Editor’s Note
This analysis highlights how a potential India-U.S. trade deal could maintain favorable tariff conditions for key Indian exports, particularly electronics. The findings underscore the strategic importance of current trade structures in sustaining export competitiveness.

New Delhi. The proposed trade deal between India and the United States is expected to keep the effective tariff rate on Indian exports low, at around 12-13 percent. This revelation comes from a recent report by Bank of America Global Research, provided that the mutual tariff remains at 18 percent.

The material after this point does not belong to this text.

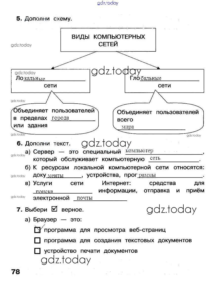 На страницах сайта gdz.today вы найдете учебный и вспомогательный материал, направленный на улучшения знаний школьной программы. ГДЗ - онлайн мир знаний Решение к части 2. Страницы 78 Рабочей тетради по Информатике для 3 класса Матвеева, Челак Бином 2017

According to the report, electronics account for 40-45 percent of Indian exports to the US, which are already benefiting from zero tariffs. Even with the addition of Section 232 duties, the effective rate will only be slightly above 12 percent. This will provide exporters with a strong competitive edge.
However, tariffs of 25 percent under Section 232 on automobiles, parts, iron, steel, and aluminum may remain, as there is no clarity on this in the first phase. Exporters in these sectors will need to remain cautious.
Labor-intensive sectors such as textiles and gems & jewelry are set to gain special benefits. India’s import target from the US of $500 billion over five years, equivalent to $100 billion annually, can be easily achieved given that the US share in India’s total imports of $750 billion is a mere 6 percent.
Shifting energy purchases from Russia to the US will have a negligible impact on the current account. An increase in services exports could lead to a surplus position by December 2025. This deal is poised to elevate the economic relations between the two countries to new heights.